Algebra completely changed the way I think about every logical construct, helped defined concepts that abstract away numbers, types, and classes, and presented me with some extremely difficult problems for which there was no other recourse than to brighten up and study and practice until one gets it. Forcing one to think and study beyond what one was used to in High School is a necessity.
In later years I was able to understand functional programming, abstract data types and numerical methods much more easily than if I hadn't; your mind clicks and relates all these concepts to each other and your learning accelerates exponentially.
So sure, if you're just a Java drone you don't need this. But Java drones are not true software engineers or computer scientists, and what's worse, they don't really know because they never managed to get into the depth of knowledge the subjects can get.
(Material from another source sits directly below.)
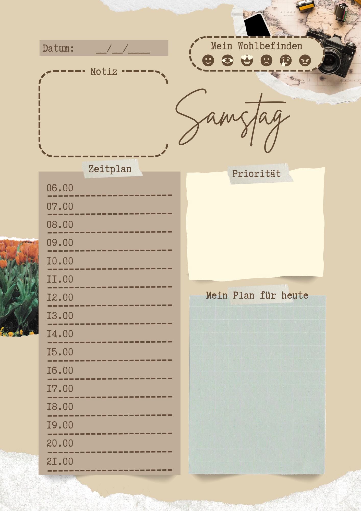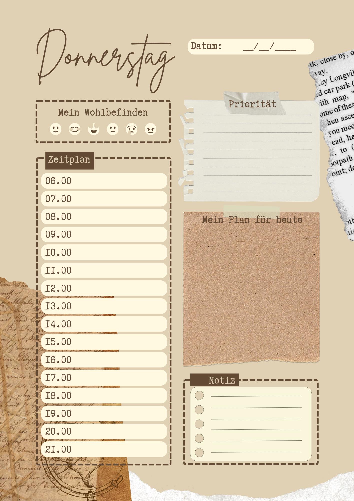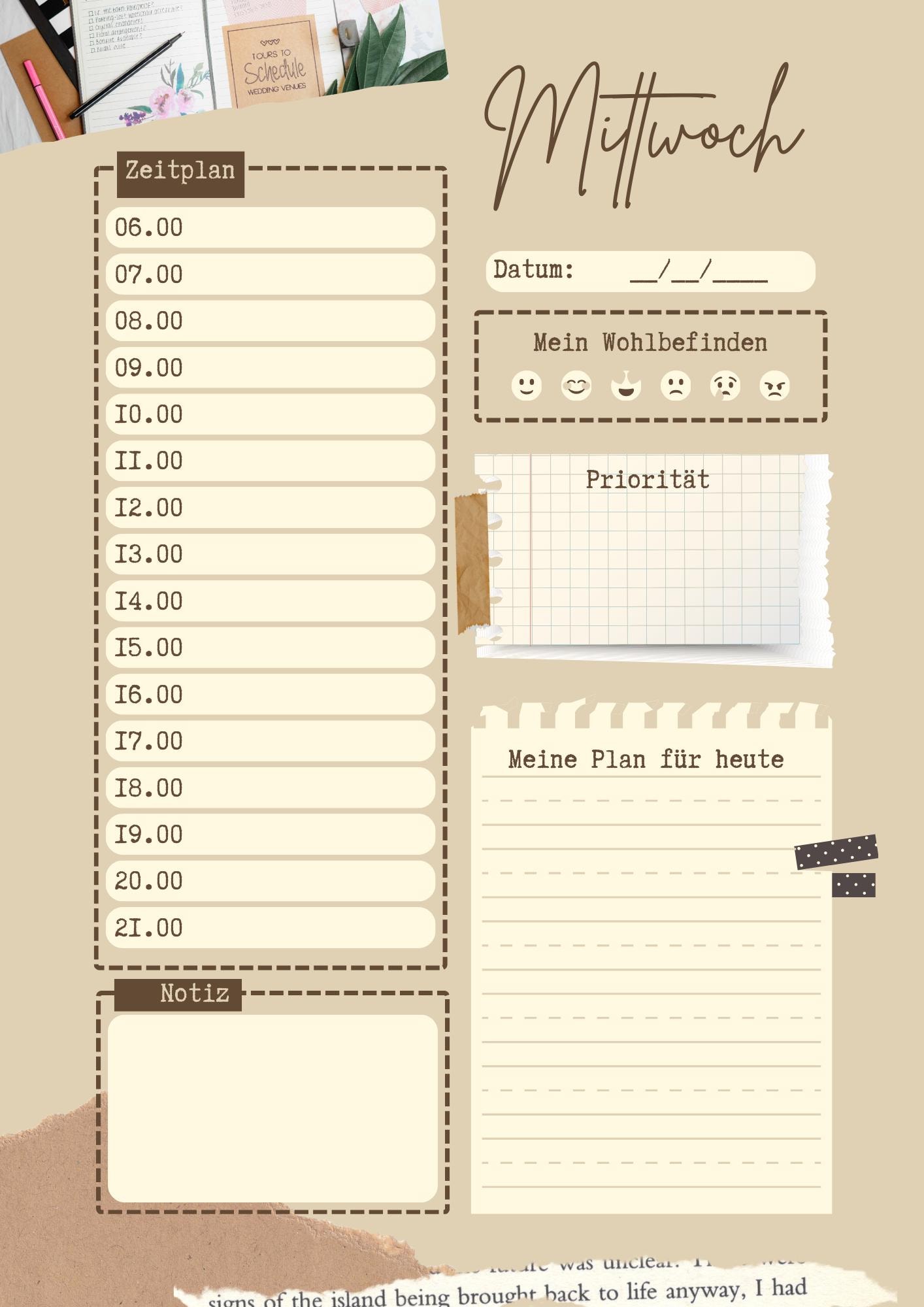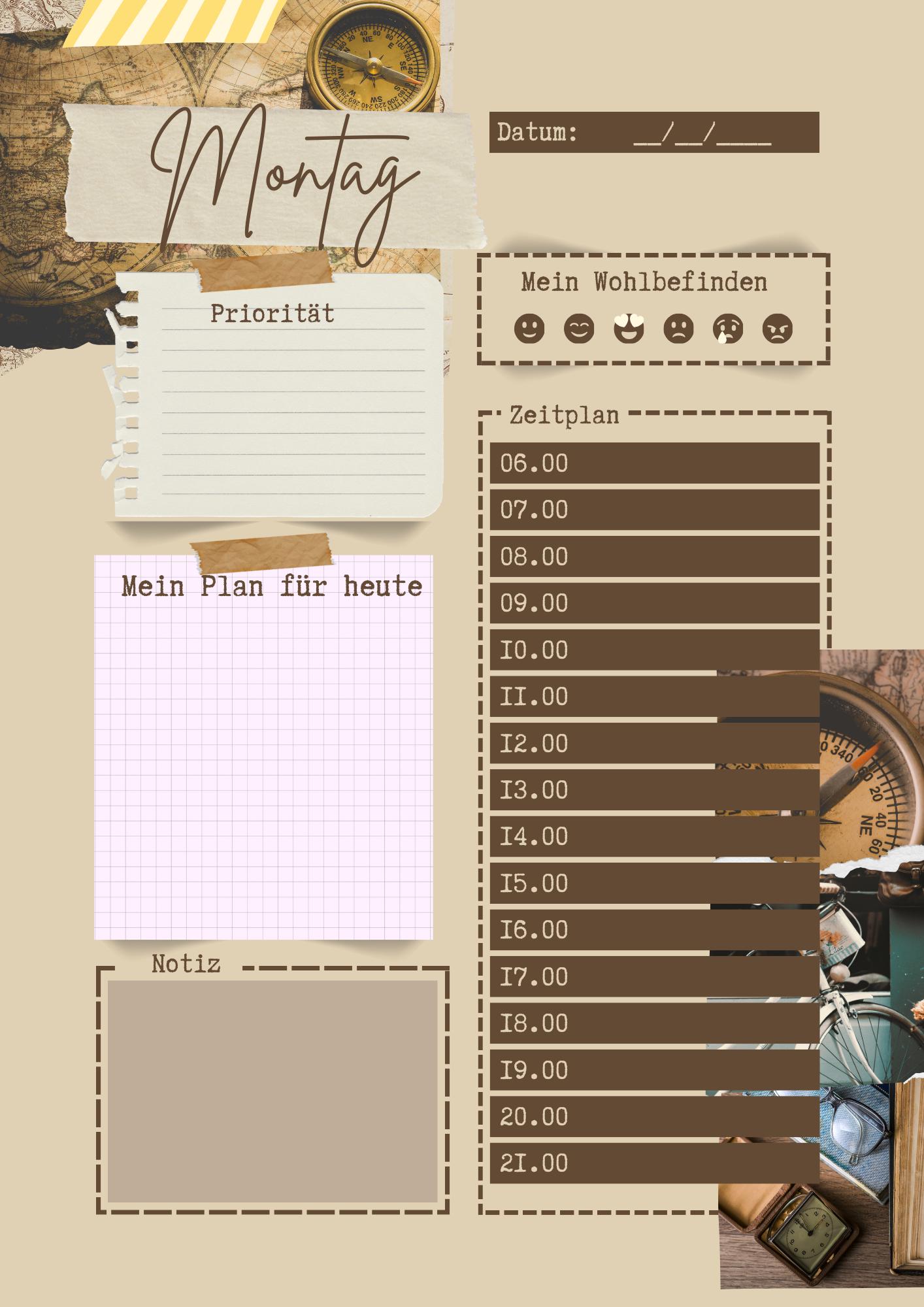 1 digital planner template (PNG) as a zip file (contains weekdays from Monday to Sunday)

Take Type Theory and functional programming, for example. Very few people get to learn this in detail, and while you may never apply it fully professionally, the knowledge it brings helps you to define mental frameworks where proof of properties for objects, abstraction away from implementation, and modelling become significantly easier. Or numerical methods; chances are if you haven't taken a class on numerical methods - where you get pounded with rigorous proofs, arduous excercises, and loads of theory on computation, linear algebra, matrixes and such - you'll never really be capable of pulling off complex math problems without introducing slight calculation errors.
In the same vein, if you have the basics of organic chemistry, understanding how cetain medicines and biological processes work become significantly easier as you can get a feel of how that works on a fundamental level. I don't think that's exactly what keeps people from becoming doctors(something tells me it's got to do with being tens of thousands of dollars in debt by the time you graduate). I mean, if you suffer so much from just one course that it prevents you from continuing another 6 years of education, you never really had it in you to keep going, right?
As a pre-med undergrad at UC Berkeley, I think it needs to be taught. I have been through a year of it (including labs) as part of my requirements, both for my major (molecular cell biology) and for med school. It was one of the hardest subjects I have ever taken. The kid next to me during the final for the second semester of it didn't write a single thing in three hours. I just heard him flip, flip flip.
It isn't about the course content. To be an effective doctor you don't need to remember how to synthesize carbonyls. Find me a clinical physician who can take me through the steps of glycolysis. Organic chemistry is a gauntlet. It's an incredibly difficult subject that doesn't smile kindly on rote memorization. Rather, a complete understanding and application of knowledge, often in seemingly-unfamiliar settings, is required to excel in the course. Yeah, some people made hundreds of flash cards, and some of them probably did well. But the longitudinal thinking that one has to go through to really shine in ochem is also needed in medicine.
Also, especially at Cal, classes like ochem are needed to pare down the pre-med pool. The merits of "weeding" kids out can be discussed, but there's no doubt that ochem is good at that.
Beware the Jubjub bird, and shun the frumious Bandersnatch.